I hadn't walked 15 feet when someone began running after me. I thought maybe I had dropped something. It turns out someone had been manning the office and had seen me reading the flier. He began talking my ear off and out of politeness, I heard him out. He said he was a new employee of the agency and they had tons of openings. I was trying to be polite since I assumed I would have future contact with him and he might help me land a part time job in the future.
He invited me in to fill out some information. I filled out a bit of basic info in the office, but he was starting to talk my ear off again and I was pretty eager to leave, but still feeling like I should be polite since he seemed to have an "in." I reached for the door at this point, but he would not shut up.

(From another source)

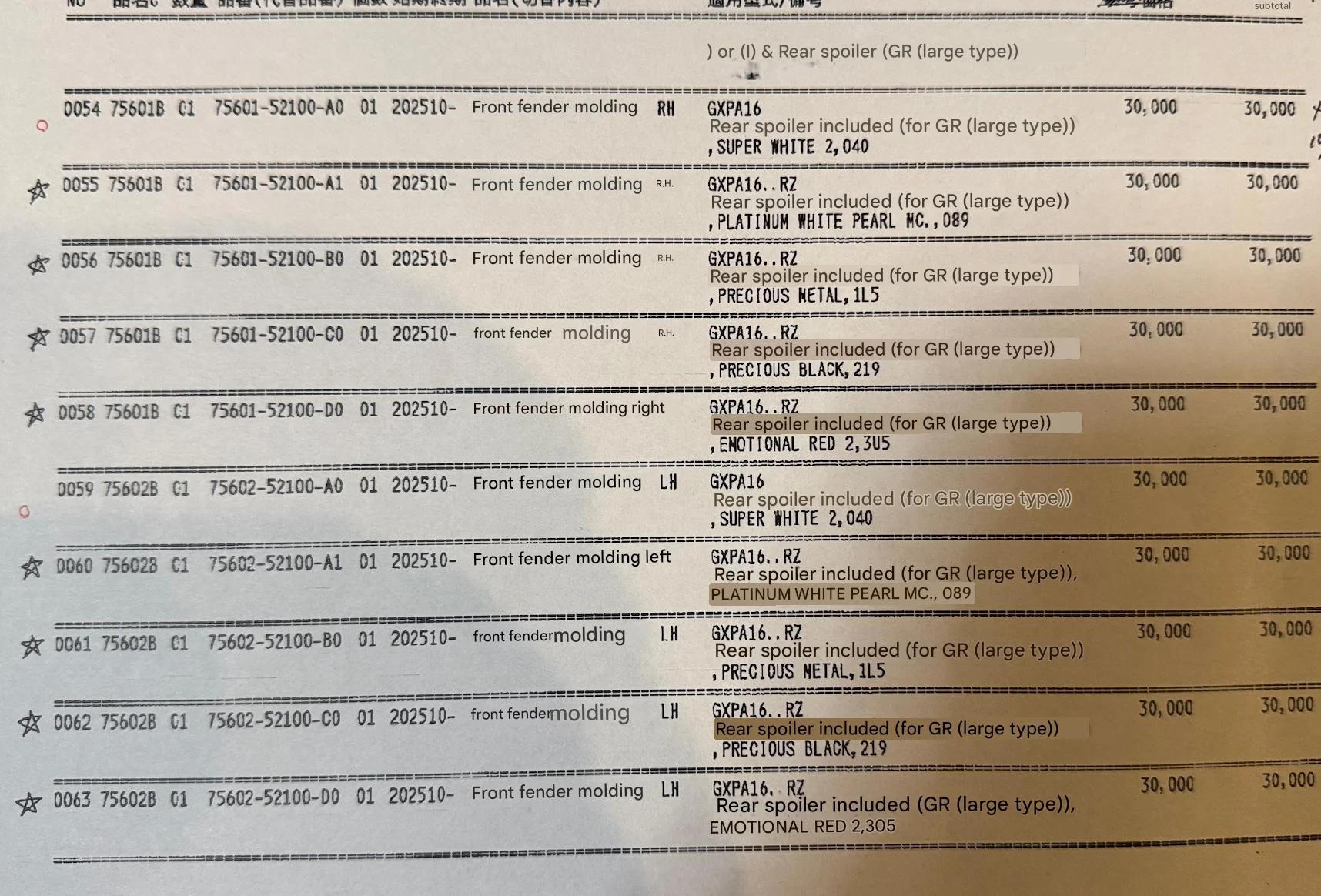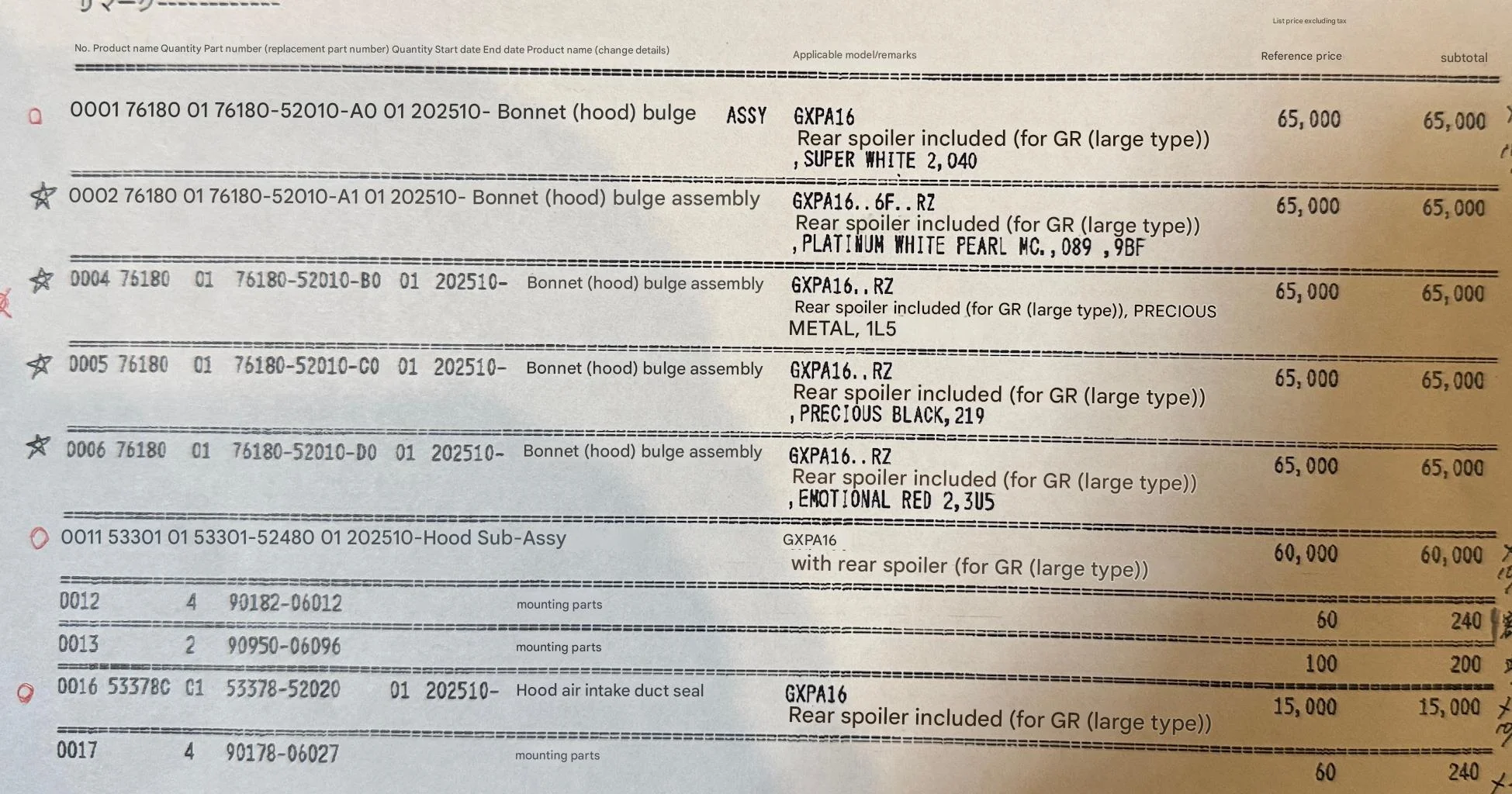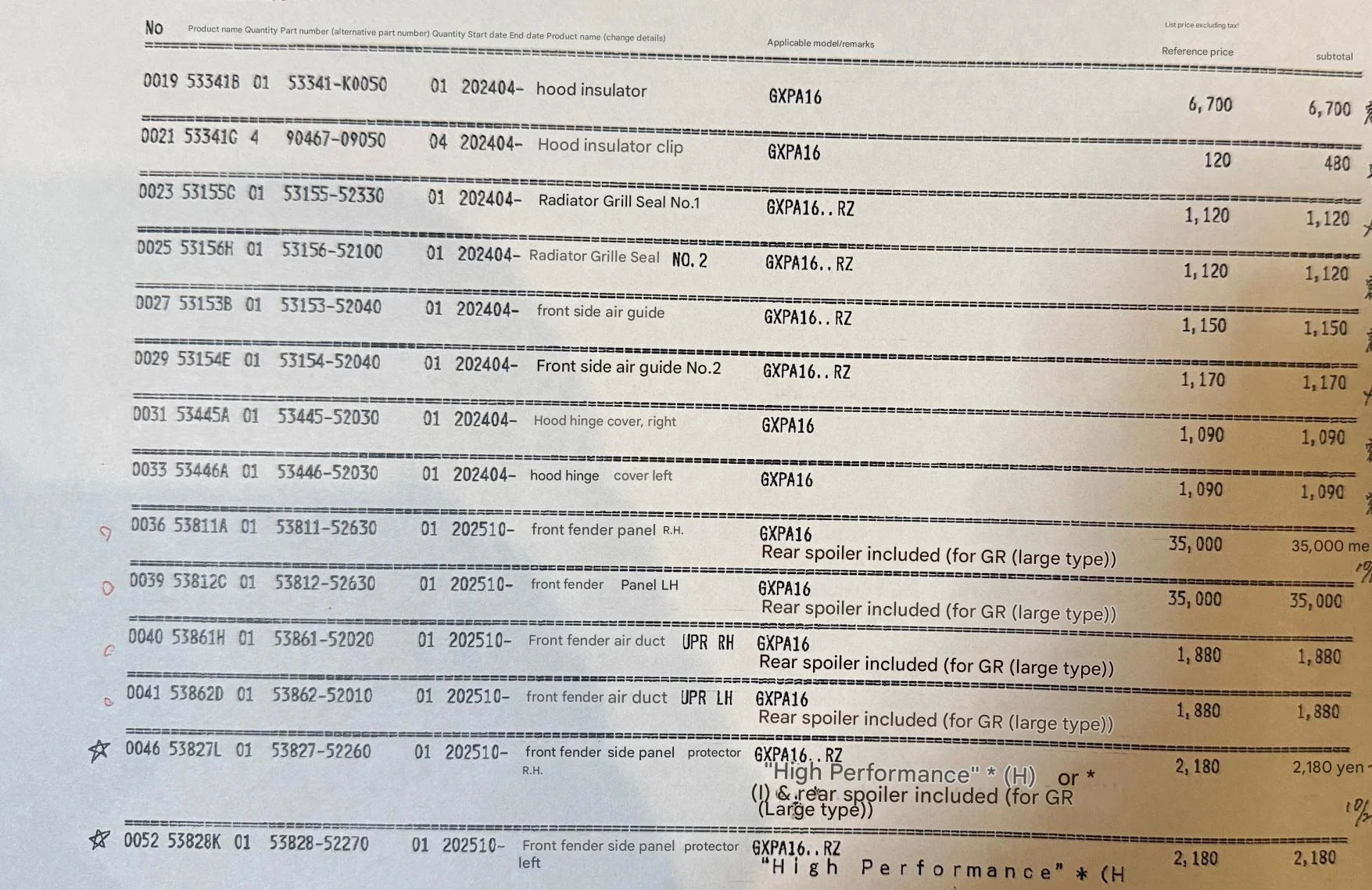 Manche Teile sind offensichtlich in Japan und Europa auf die Fahrgestellnummer eines GR mit Aero gesperrt. Somit keine einfache Möglichkeit der Bestellung im Moment. Ansonsten wären die Teile in Europa eigenartiger Weise kaum teurer wie in Japan und somit günstiger als zunächst angenommen.
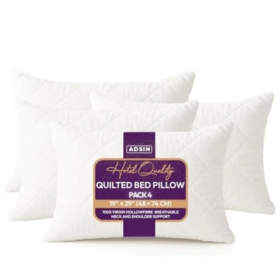 Plush Comfort & Support – Our soft pillows are filled with high-quality, hypoallergenic polyester fibers for a cloud-like feel while providing essential support. The quilted cover enhances luxury and breathability. Premium 4-Pack Set – Adsin standard-size pillows (48cm x 74cm / 19” x 29”) designed for superior comfort. Perfect for all sleeping positions and ideal for upgrading your bedding. Long-Lasting Durability – Crafted with 100% Virgin White Hollowfibre, these hotel quality pillows offer the perfect balance of comfy pillows and firm support. Precision stitching ensures resilience and bounce-back performance. No Lumps, Just Comfort – The advanced quilting pattern evenly distributes the filling, preventing clumping and ensuring a consistently smooth sleeping surface. These bed pillows 4 pack retain their shape night after night. Perfect for All Sleepers – Designed to conform to your body’s natural curves, Our best pillow provide excellent support for your head, stomach, neck, and shoulders, etc ensuring proper alignment in any sleeping position.

I had to finally cut off the conversation saying I had to leave (I did).
Initially, I was glad he came out to greet me (lucky day for me that an employee was actually in). But then later in the day I realized he was gay and everything he was saying was sort of a filibuster to keep me around to see how long I'd hang out with him. Yeah, once in the office, he tried to get more of a time commitment out of me, offering me certain conveniences to make my day a little easier. He also invited me out to coffee, dropping a minor compliment in the process.
But really what gave it away was that he asked about my job background then he eyed me up and down and then stared at me crotch level and said "I bet you can do a lot of things." Super creepy but otherwise he disguised his intentions fairly well. I didn't mind chatting with him briefly, but he did a good job of using a part time job as bait to occupy my time and try to entice me into God knows what.
This is the fundamental problem with cold approach. it's a matter of trust. Guys complain about how difficult "closing" a cold approach is, how women are bitches or have a bitchshield, or they hate men or whatever, but they don't ever think what it's like to be on the receiving end. You have no idea who you're talking to in a cold approach. The dude could literally be a serial killer or wack job or a socially awkward clumsy oaf who doesn't know when to end a conversation.
Add to that, the guys who are most likely cold approaching are those who don't have a social circle. Guys who aren't part of a social circles are generally speaking (not always) guys who have below average social skills. So take heart. If a woman rejects you, or seems not so interested in talking during a cold approach, maybe it's not you per se (sometimes it is), maybe she's just uncomfortable speaking to a man she's never met and is concerned about her safety and well being. In other words, be a little bit empathetic when cold approaching.